Но вот зазвонил телефон. Он зазвонил как раз в тот момент, когда вдох надолго задержался. Могу ли я шевельнуться? Тишина простирается по крайней мере на четыре такта паузы. Наконец с бульканьем выходит слабая струйка воздуха, мехи снова начинают работать, ребра поднимаются: она еще дышит. Раз, два… Третий выдох прерывается на несколько секунд как бы в нерешительности; потом слышится легкий шум, будто лопнул баллон; грудь ее оседает, тихо освобождая несколько кубических сантиметров воздуха, которые уже не будут возмещены. Торчащий подбородок отваливается, зеленые глаза гаснут в щели сомкнутых век…

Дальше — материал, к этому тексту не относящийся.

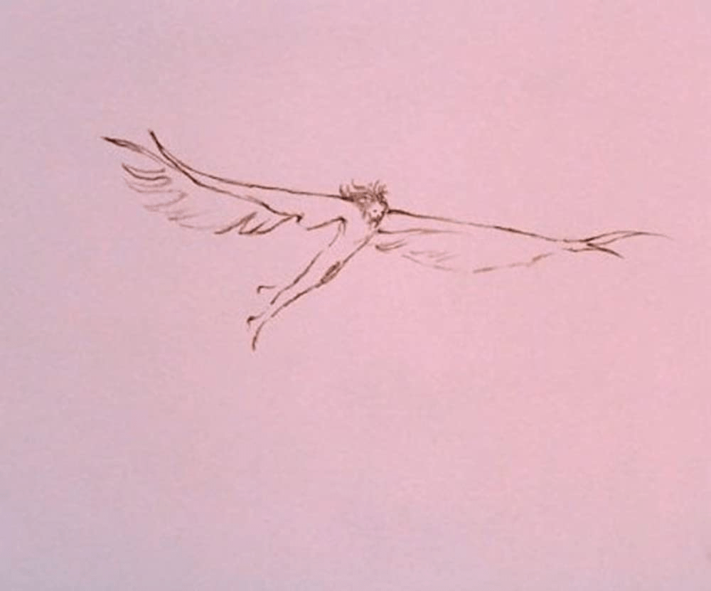In this hand-drawn, meditative short made up of naturalistic sketches, Bochner retells the classic tale of Icarus; however, he puts a unique emphasis on the idea of the body as a prison, and on the shared hybridity of the Minotaur and of the “Bird-men” that Daedalus & his son become when they don their wings. The film ends on a cosmic note, reminiscent of Phaethon, as Icarus flies beyond the atmosphere into space, only to fall.

Звонки прекратились, но на другом конце линии, видимо, проверили номер и набрали еще раз. Теперь я могу взять трубку. Впрочем, пусть подождут. В ту минуту, когда вы, мадам, ушли из жизни, не пора ли мне почувствовать, что вам я обязан своею собственной жизнью, и подумать о своем сыновнем долге. Хоть вы и не были для меня тем, чего сын вправе искать в своей жизнедательнице, без вас, такой, какой вы были, я бы не появился на свет. А это не пустяк, и поражает меня сейчас то, что в конечном счете мы так плохо знали друг друга; всего несколько лет моего отрочества после вашего возвращения из Китая; несколько недель после того, как вы вернулись с Антильских островов, — мне тогда было лет двадцать; и потом, четверть века спустя, каких-нибудь несколько дней в течение этого последнего года. Роль, которую мы играли друг для друга, никак не соизмерима со временем, проведенным нами вместе, и если нежность при этом отсутствовала, взаимного интереса было хоть отбавляй. Вы представляли собой исключение… Тем лучше для других, но, быть может, и для вашего сына это было не только несчастьем. Хорошо, что именно он, своими руками, закрывает вам глаза. Мы не любили друг друга, матушка, но я присутствовал при вашем последнем вздохе, как вы присутствовали при моем первом.
16
Сказала (лат.).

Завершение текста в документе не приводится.